Но Юра уже расслабился в достаточной степени, чтобы откровенничать:
— От того же, от чего мы все закрываемся. От непонимания, от завышенных ожиданий родных, от того, что большинство из нас лицо няни знают лучше, чем лицо матери. У Кристины тоже серьезные проблемы в семье, тоже все друг другу чужие, а образ хладнокровной стервы не позволяет никому догадаться, как она одинока. Зачем, думаешь, все ее эти папики и постоянные скандалы в таблоидах? Да не хотела бы она засветиться с очередным престарелым ухажером, никакой папарацци бы их не поймал. Нет, это часть ее имиджа и желание кому-то что-то доказать. Все куда-то сбегают, находят для психики выход. Кеша — в наркотики, кое-как вытащили, Анжела с Ангелиной друг за друга держатся, как приклеенные, потому что только так не чувствуют одиночества, Мишель и Анатоль — в бухло и на курорты, везде хорошо, где подальше от дома.

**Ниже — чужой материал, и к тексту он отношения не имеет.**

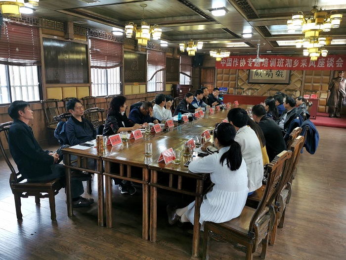 学员代表段爱松、李明春、刘玉、唐力、徐秋良、张鲜明、段瑞秋发言。他们谈到,要自觉利用自身基层工作的机会和经验,自觉地到人民中间去,在火热的生活现场和生产一线寻找创作灵感和素材,深入生活,扎根人民,牢固树立以人民为中心的创作导向。通过近距离参观伟人的家乡,大家接受了红色革命教育的洗礼,也感受到个体命运与国家命运、民族命运的关系,开始思考中国的历史和未来。学员们表示,在今后的创作中,大家要进一步担起记录新时代,书写新时代,讴歌新时代的使命,提高作品质量作为文艺创造的生命线,更好的满足人民精神文化生活新期待。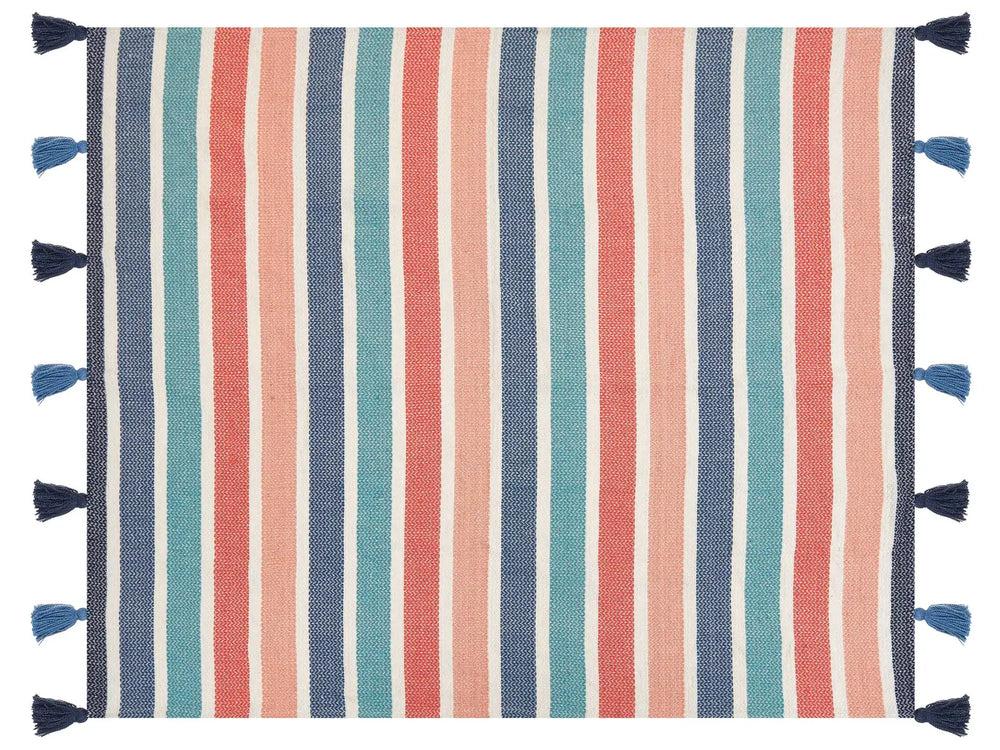 Throw Blanket Multicolour Polyester PET 130 x 150 cm with Decorative Tassels Striped Pattern Beliani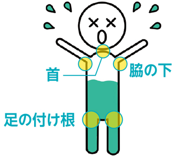 冷やす場所は、首、脇の下、足の付け根です。この3か所には大きい血管が通っているので、ここを冷やすことで効率よく体温を下げることができます。氷をしっかりあてることがポイントです。なお、明らかに症状が出ている際にはこの3か所に加えて、全身を冷やすような応急処置を。風通しをよくして、な るべく涼しい環境にするのも大事です。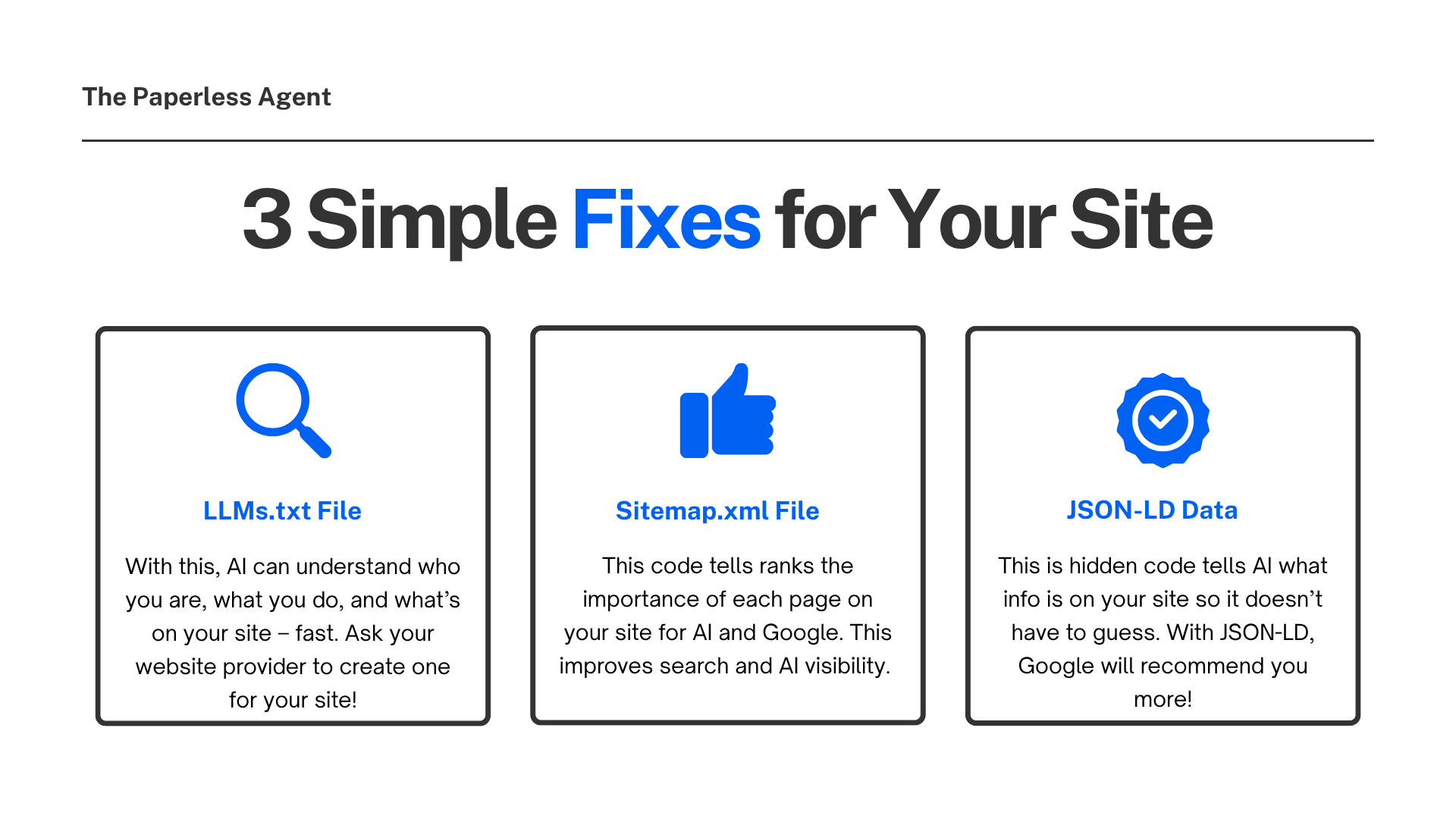 Together, they transform your website from something AI has to work to understand into something it can read confidently and recommend accurately. None of them change your website visually. Your visitors will never see any of this. But the AI bots crawling your site in the background, the ones deciding whether to mention your name the next time a prospective seller asks ChatGPT who to hire, will notice immediately.

Я кивнула, будто всё понимаю, хотя тема требовала осмысления. Вопрос мог прозвучать бестактно, но я осмелилась его задать:
— А ты? У тебя такие же проблемы с семьей?
Он помедлил с ответом, но потом заговорил бодро:
— Если не хуже. Те же самые ожидания, только я их оправдывать совсем не хочу. Не интересно мне в будущем управлять сетью отелей, не интересно судиться с Кернами по любому поводу или кто там еще будет главным конкурентом. Не интересна вся эта движуха за лидерство, пока жизнь мимо будет проходить. Но это даже не обсуждается, понятное дело. Какая журналистика, в самом деле, какое творчество, бред сивой кобылы. Я лет в пятнадцать даже из дома убегал, в знак протеста. Вернулся через три месяца, напротестовался, — он деланно рассмеялся. — Но это чувство, что мечты и жизнь никогда не пересекаются, осталось. Еще немного повзрослею и смирюсь, что просто мечтаю неправильно. А пока тоже сбегаю — то к Герману, то в себя.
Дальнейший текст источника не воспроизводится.